Mary broke her jar open, and along with it her tender spirit. Her perfume and her devotion poured out on Jesus’ head and pooled at his feet, overwhelming the room. He saw to the soul of what she did and was pleased.
“She did it to prepare me for burial.”
For all the times he had tried to tell his followers that he was going to die for them and for all the times they had said, “No, Lord, it will never happen,” it was only Mary that had really heard him.
And it tore her wide open.
You would think a hush would have fallen on the room. You would have expected a hush. But the rest of the story is all too predictable. As with the gleaming creation itself, it’s just like Satan to pounce on something so new and so good. And Judas, so close by, was all too available.
“Why wasn’t this perfume sold and the money given to the poor?” he cried.

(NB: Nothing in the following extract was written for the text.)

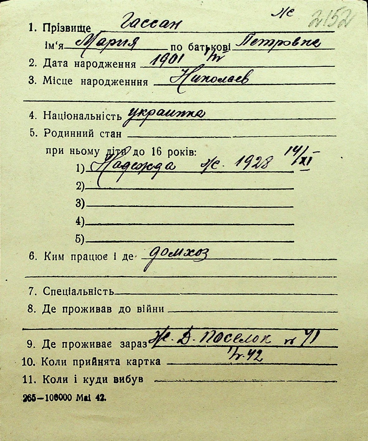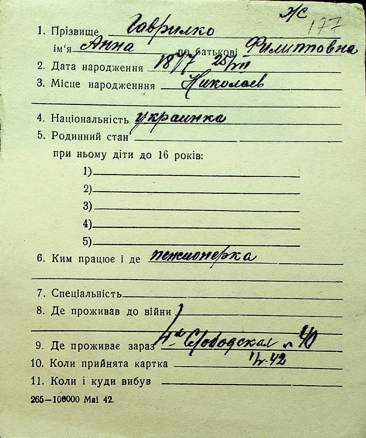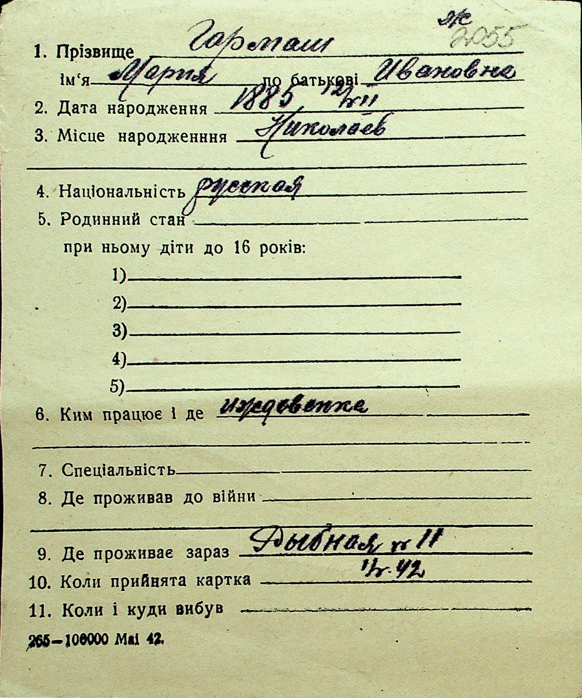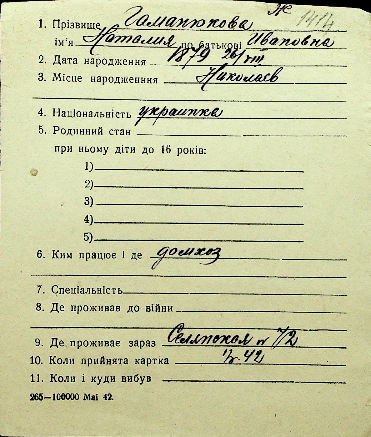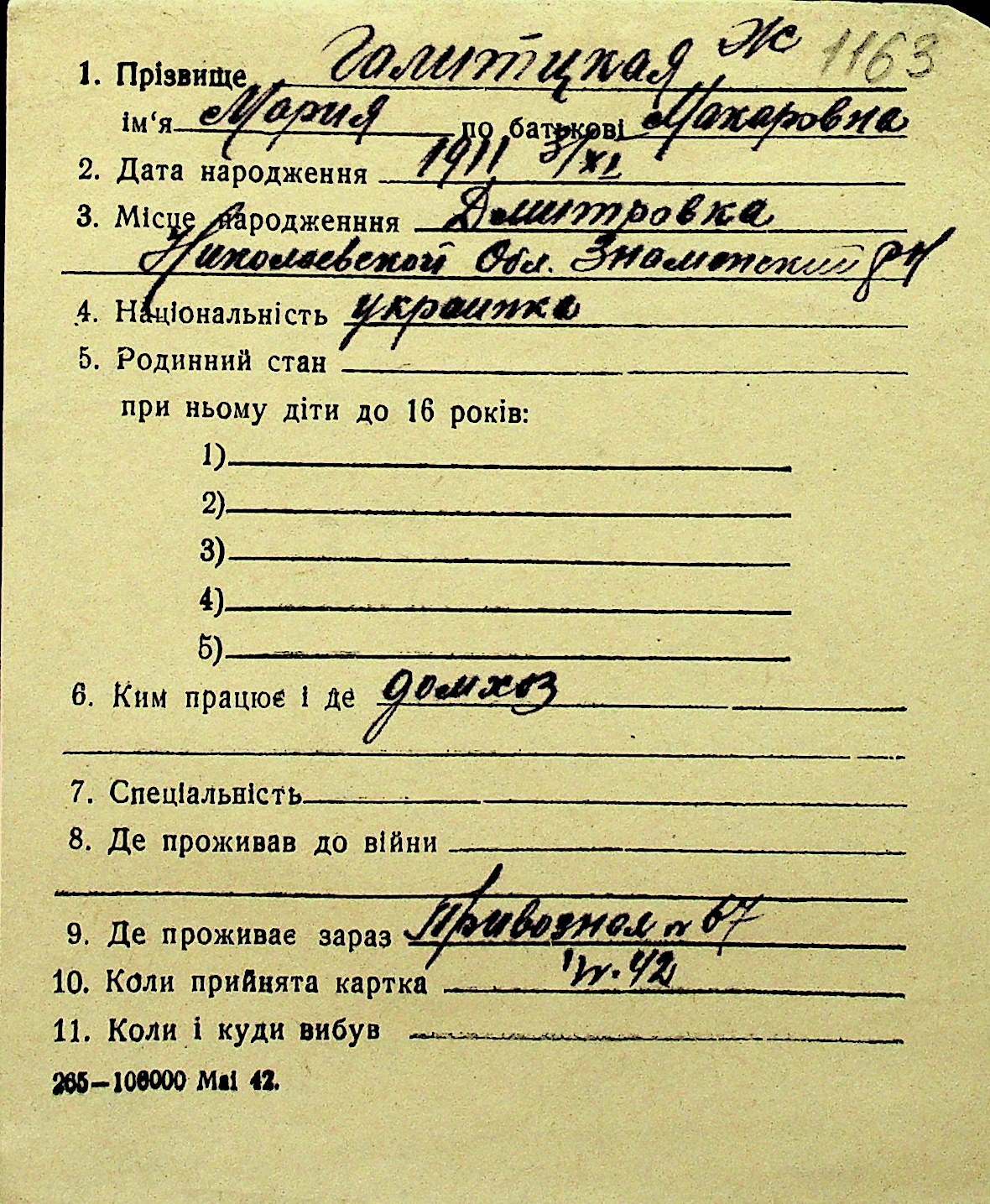 • • Перелік карток до фонду № Н-1016

On its surface, his criticism seemed aimed at Mary for her pointless waste of resources. If we didn’t know Judas better, we would even hear a legitimate concern for the needy. But how often the worst things—intolerance, ambition, greed—disguise themselves as piety. We will see his true colors soon enough. He was trying to serve two masters at the same time, both money and Christ, but it was not working.
One he had come to despise.
We can hardly miss the implication in Judas’ words, the thinly veiled stab, that Jesus wasn’t worth the perfume.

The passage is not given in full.